■ Work instructions ■
Pull every line from the records that has the word "setting" in it.

■ Material shown ■
################

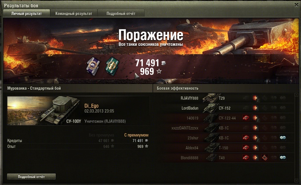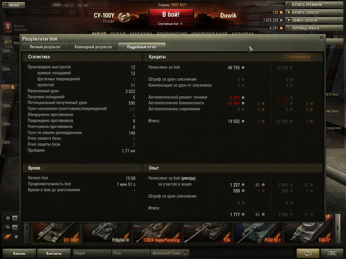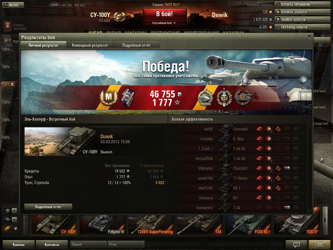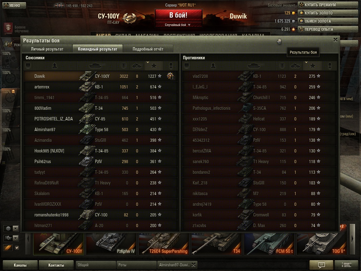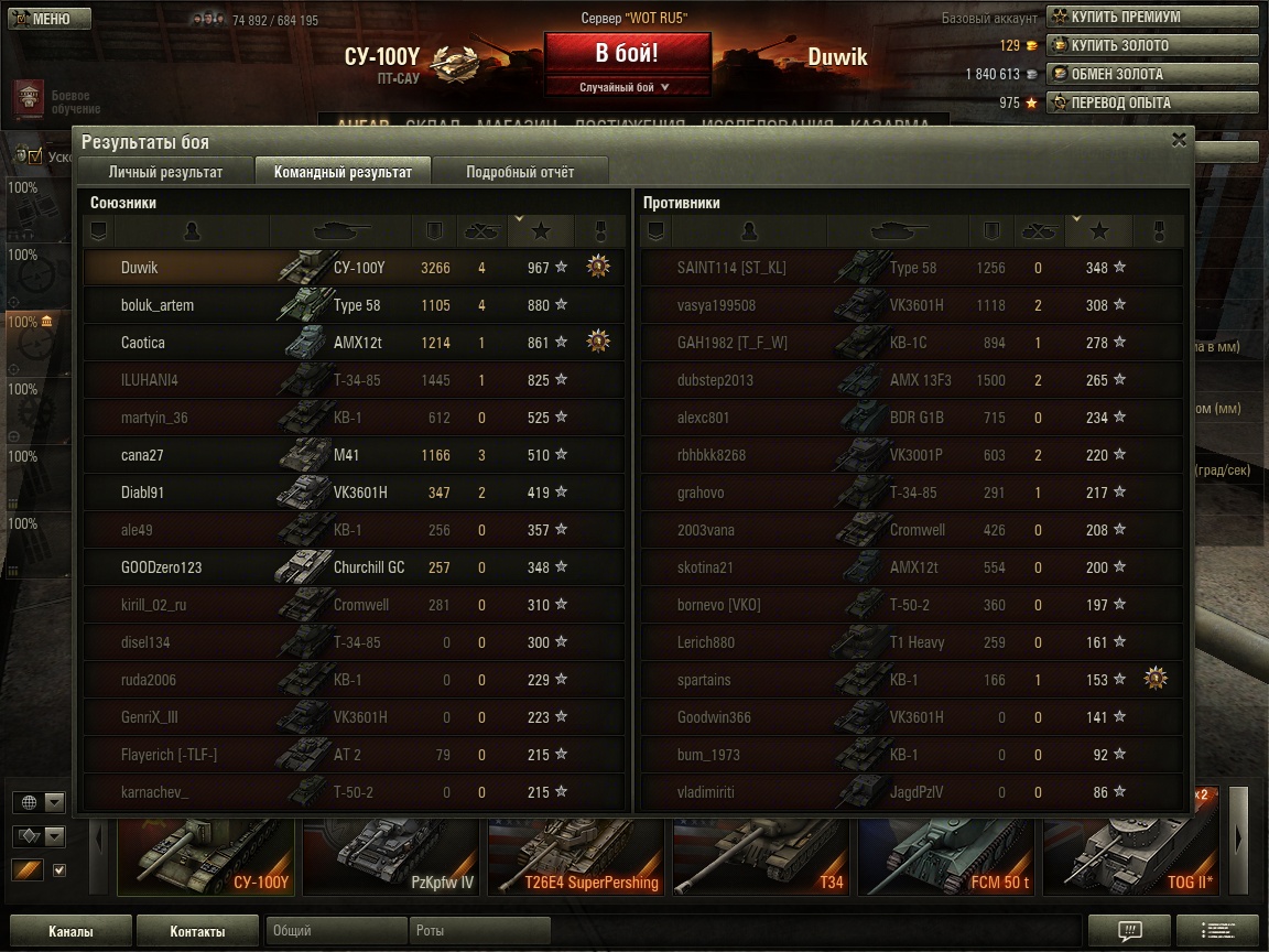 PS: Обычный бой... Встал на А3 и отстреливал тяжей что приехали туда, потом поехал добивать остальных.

################

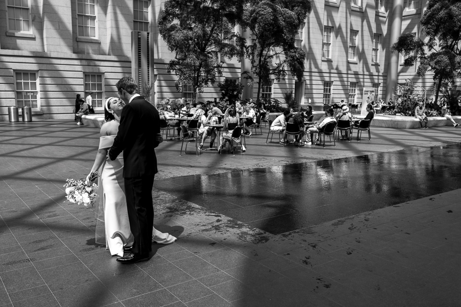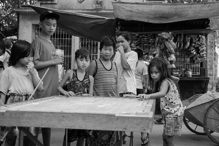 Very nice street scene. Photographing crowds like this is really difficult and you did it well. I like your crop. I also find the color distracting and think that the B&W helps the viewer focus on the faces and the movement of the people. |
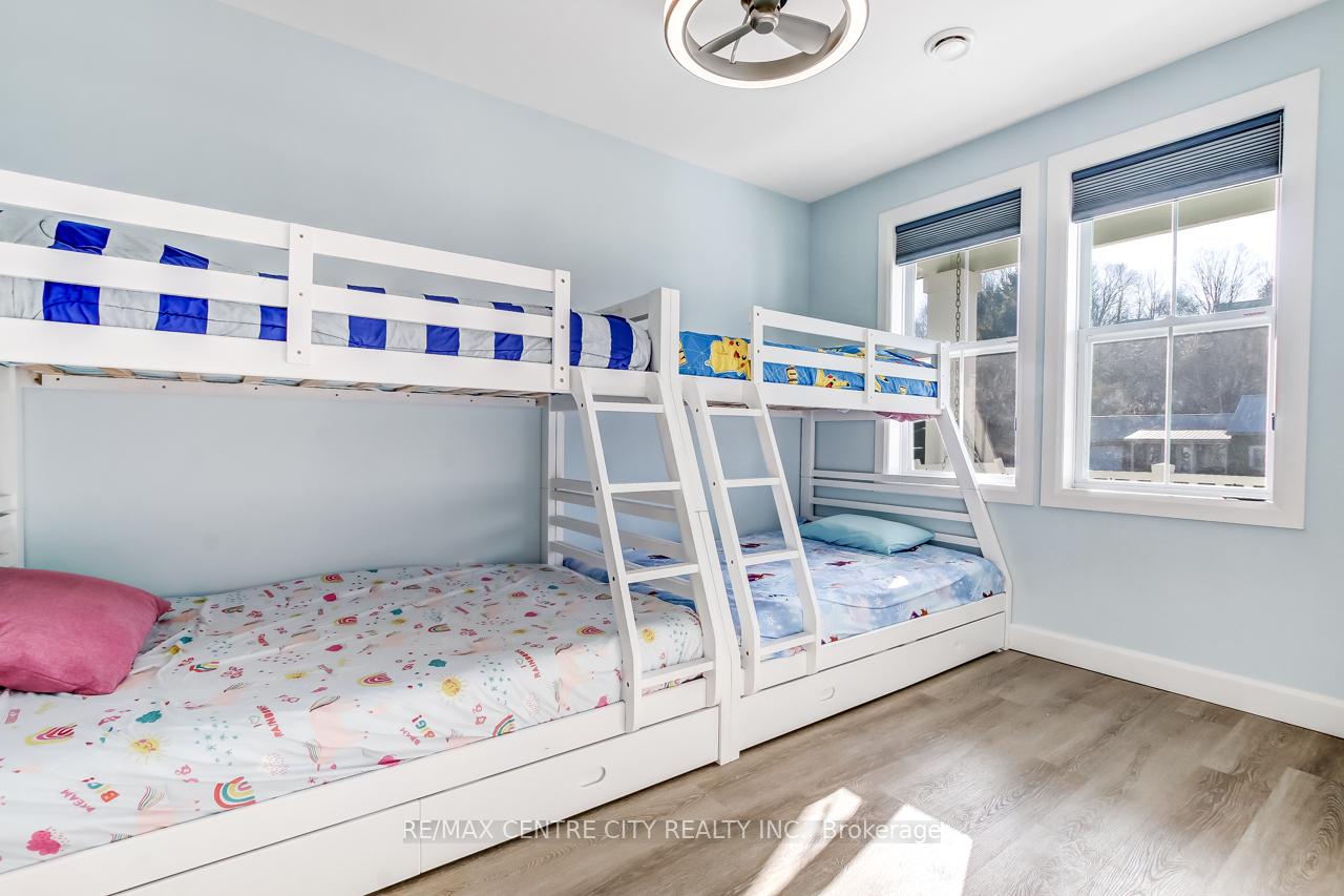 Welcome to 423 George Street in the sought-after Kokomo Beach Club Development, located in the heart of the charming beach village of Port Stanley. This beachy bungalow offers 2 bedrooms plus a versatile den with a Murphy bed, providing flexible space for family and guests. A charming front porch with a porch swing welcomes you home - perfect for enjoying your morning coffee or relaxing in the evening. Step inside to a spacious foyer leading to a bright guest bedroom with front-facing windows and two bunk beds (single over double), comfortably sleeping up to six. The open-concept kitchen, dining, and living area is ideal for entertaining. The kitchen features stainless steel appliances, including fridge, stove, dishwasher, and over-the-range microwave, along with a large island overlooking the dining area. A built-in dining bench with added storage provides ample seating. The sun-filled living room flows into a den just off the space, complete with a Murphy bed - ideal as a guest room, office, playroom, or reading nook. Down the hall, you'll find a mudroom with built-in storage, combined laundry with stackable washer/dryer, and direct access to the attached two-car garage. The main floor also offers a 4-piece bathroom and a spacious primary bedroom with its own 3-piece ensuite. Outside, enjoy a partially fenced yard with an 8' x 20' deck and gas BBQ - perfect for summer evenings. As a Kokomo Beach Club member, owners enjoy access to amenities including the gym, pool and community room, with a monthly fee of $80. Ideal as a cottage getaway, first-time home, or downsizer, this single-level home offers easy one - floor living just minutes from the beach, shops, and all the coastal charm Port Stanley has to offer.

################

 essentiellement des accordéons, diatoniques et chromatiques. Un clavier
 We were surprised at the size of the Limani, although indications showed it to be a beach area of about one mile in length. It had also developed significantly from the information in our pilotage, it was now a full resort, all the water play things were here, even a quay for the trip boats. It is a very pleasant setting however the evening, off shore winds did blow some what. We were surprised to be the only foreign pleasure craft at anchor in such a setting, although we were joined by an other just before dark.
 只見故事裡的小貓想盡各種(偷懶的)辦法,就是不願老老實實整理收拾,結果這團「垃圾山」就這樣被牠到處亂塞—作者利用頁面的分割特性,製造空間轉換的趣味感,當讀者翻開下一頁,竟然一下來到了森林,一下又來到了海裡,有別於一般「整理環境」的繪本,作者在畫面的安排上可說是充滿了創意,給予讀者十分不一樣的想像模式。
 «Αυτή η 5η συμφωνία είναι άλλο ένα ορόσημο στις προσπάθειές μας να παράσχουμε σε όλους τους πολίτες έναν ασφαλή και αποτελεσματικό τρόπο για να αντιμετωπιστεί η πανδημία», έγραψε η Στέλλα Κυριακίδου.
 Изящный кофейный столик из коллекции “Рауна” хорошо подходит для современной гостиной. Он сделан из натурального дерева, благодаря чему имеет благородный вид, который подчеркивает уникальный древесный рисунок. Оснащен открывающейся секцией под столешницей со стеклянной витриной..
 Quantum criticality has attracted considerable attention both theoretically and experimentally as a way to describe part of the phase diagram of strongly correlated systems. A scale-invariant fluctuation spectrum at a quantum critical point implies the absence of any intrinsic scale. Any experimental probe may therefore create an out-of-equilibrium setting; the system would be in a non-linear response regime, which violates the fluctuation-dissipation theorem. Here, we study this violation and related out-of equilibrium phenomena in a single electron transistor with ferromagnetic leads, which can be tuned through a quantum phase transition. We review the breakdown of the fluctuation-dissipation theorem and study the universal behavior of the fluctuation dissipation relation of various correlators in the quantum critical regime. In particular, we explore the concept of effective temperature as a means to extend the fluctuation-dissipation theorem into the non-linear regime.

################

■ Response area ■
 We were surprised at the size of the Limani, although indications showed it to be a beach area of about one mile in length. It had also developed significantly from the information in our pilotage, it was now a full resort, all the water play things were here, even a quay for the trip boats. It is a very pleasant setting however the evening, off shore winds did blow some what. We were surprised to be the only foreign pleasure craft at anchor in such a setting, although we were joined by an other just before dark.
 Quantum criticality has attracted considerable attention both theoretically and experimentally as a way to describe part of the phase diagram of strongly correlated systems. A scale-invariant fluctuation spectrum at a quantum critical point implies the absence of any intrinsic scale. Any experimental probe may therefore create an out-of-equilibrium setting; the system would be in a non-linear response regime, which violates the fluctuation-dissipation theorem. Here, we study this violation and related out-of equilibrium phenomena in a single electron transistor with ferromagnetic leads, which can be tuned through a quantum phase transition. We review the breakdown of the fluctuation-dissipation theorem and study the universal behavior of the fluctuation dissipation relation of various correlators in the quantum critical regime. In particular, we explore the concept of effective temperature as a means to extend the fluctuation-dissipation theorem into the non-linear regime.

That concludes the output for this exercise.